With The Book of Eli currently in theaters, film critic Roger Ebert tweeted on January 17 that “No non-apocalyptic future is listed by Wikipedia.” We’re still waiting to see what happens here in reality, of course, but in films, novels, and comic books the world has been wiped out many times over by various forms of zombies, plagues, and — the old standby — nuclear annihilation.
For me, no film has done the postapocalyptic thing better than Australian director George Miller’s 1981 action epic The Road Warrior. A sequel to 1979’s Mad Max, also directed by Miller, it was released Down Under as Mad Max 2. Max is played by Mel Gibson, but in the U.S. version of Mad Max his voice is dubbed, along with most of the other actors’, due to a concern that their thick Aussie accents and slang would be too difficult for American audiences to understand. (Fortunately, there’s a DVD that contains both the original audio track and the dubbed version.)
Miller is sometimes confused with another director named George Miller — that one directed The Man From Snowy River, a 1982 Australian film. The Road Warrior‘s Miller, however, went on to direct The Witches of Eastwick (1987) and Happy Feet (2006) as well as produce films in various genres, including the suspense thriller Dead Calm (1989) and the Oscar-winning children’s film Babe (1995). He also directed arguably the best segment of Twilight Zone: The Movie (1983), “Nightmare at 20,000 Feet,” in which John Lithgow plays an airline passenger who keeps seeing a monster on the wing of the plane. If you watch closely, with the pause button nearby, you’ll find two frames in which Lithgow’s eyes actually pop out of his head.
If you haven’t seen Mad Max, don’t worry — The Road Warrior is a self-contained story that makes few references to the events of the first film and thus stands on its own. Max, as established in the film’s opening narration, is a “broken-down shell of a man,” an ex-cop who lost everything when his wife and son were run down by a biker gang. And that’s pretty much all you need to know. (Gibson’s new film, Edge of Darkness — his first as an actor since 2002’s Signs — has him playing a cop seeking revenge for his daughter’s murder.)
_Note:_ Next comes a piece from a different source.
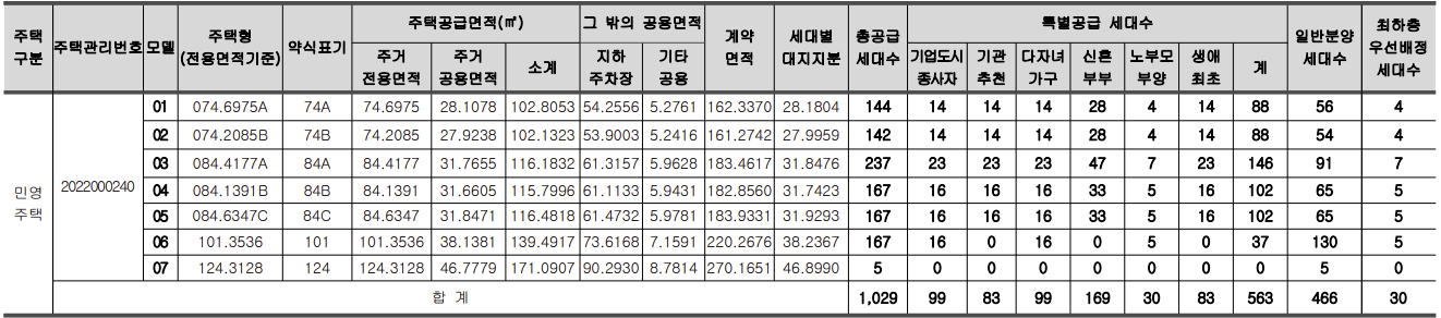 - 공급 규모 : 지하 4층, 지상 37층 8개동 총 1,169세대 (아파트 7개동 1,029세대 , 오피스텔 1개동 140호실 및 근린생활시설)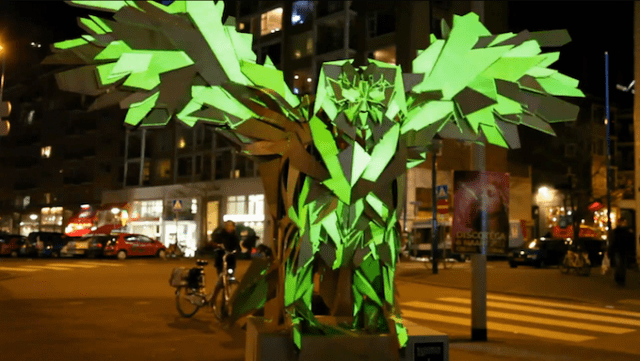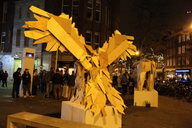 During an outdoor exhibit at Rotterdamse Museumnacht in 2011, visitors could control the projected visuals by tilting a motion sensor and selecting different lighting options. The transforming light patterns kept audiences entertained with the feeling that the creatures were alive and moving.

It’s implied that the “apocalypse” that shattered this particular world was some kind of nuclear war, but no details are given. The only hint comes from the opening narration: “Gone now. Swept away. For reasons long forgotten, two mighty warrior tribes went to war and touched off a blaze which engulfed them all.”
Once the narration ends we are thrust literally head-on into this world, a vast desert wasteland of nothing except a long stretch of road upon which men scavenge for food and gasoline.
Max reluctantly becomes involved with a group of settlers who live in an oil-refinery compound, right before a gang of marauders led by a hockey-masked figure known as the Lord Humungus attempts to invade the compound for its fuel reserves.
Despite being a bleak film overall, there are wonderful little moments of humor in The Road Warrior — brief but welcome — that show humanity isn’t completely lost. One of my favorites is the exchange that takes place between compound leader Pappagallo (Mike Preston), his head mechanic (Steve J. Spears), and the assistant mechanic (Kristoffer Greaves).
The action scenes in The Road Warrior have a ferocious kinetic energy to them, propelled by fender-mounted cameras and amazing stunt work, all edited for maximum impact. There’s probably no greater example of this than the fate of Vernon Wells’s character, Wez: energetic cinematography and editing come together to make you feel the impact of a head-on collision between Humungus’s vehicle and a tanker truck. The final action sequence is 15 minutes long and contains one of the finest on-screen vehicle chases ever filmed. The film also gets some help from an exciting score by Australian composer Brian May (not to be confused with the guitarist for Queen).
The Road Warrior was followed by another sequel in 1985, Mad Max Beyond Thunderdome. It was also followed by many imitators, but very few came close to matching its intensity. (Not even Thunderdome was able to touch it.)
Miller and Gibson tried to reunite for a fourth film, Fury Road, early last decade, but for various reasons, including the war in Iraq, the production was canceled. Now it’s being revived again, but Gibson will only be involved as a producer. Tom Hardy (RocknRolla, the upcoming Inception) will supposedly take over as a younger version of Max in this rewritten “reboot” of the franchise.